## About this exercise
Transcribe the stretch of entries below from the line with "Chic Ethnic Faux" through the line with "AK Greifswald, Markt mit Rathaus", exactly and with both ends included; leave out all other lines.

## Supplied information

_ _ _ _

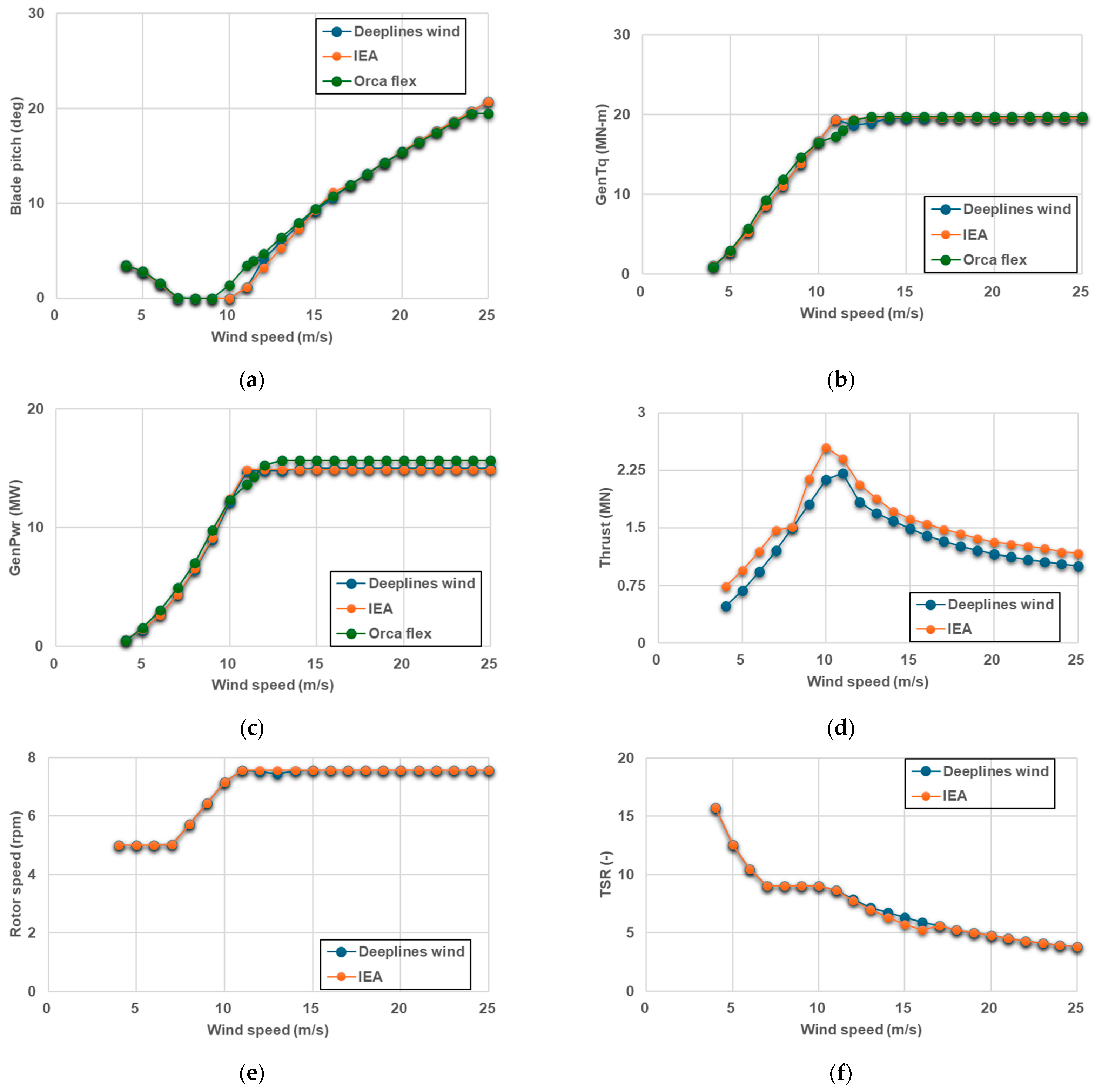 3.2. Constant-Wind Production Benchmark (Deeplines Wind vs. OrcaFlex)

_ _ _ _

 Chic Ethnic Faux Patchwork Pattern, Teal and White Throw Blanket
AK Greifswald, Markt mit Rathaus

_ _ _ _

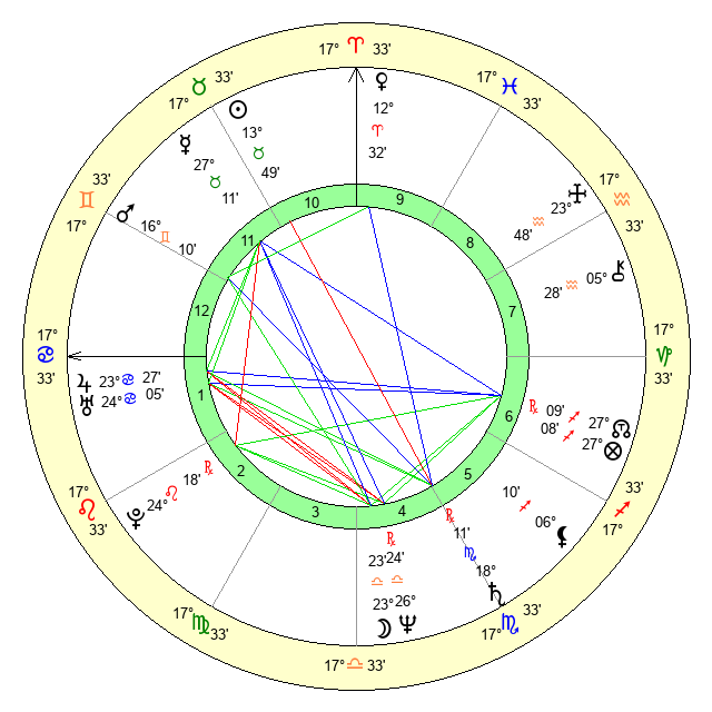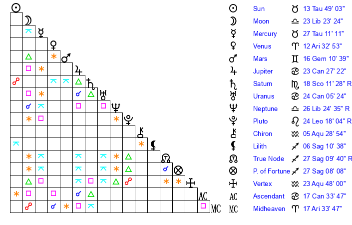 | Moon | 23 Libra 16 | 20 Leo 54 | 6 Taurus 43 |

_ _ _ _

## Result for this exercise
 Chic Ethnic Faux Patchwork Pattern, Teal and White Throw Blanket
AK Greifswald, Markt mit Rathaus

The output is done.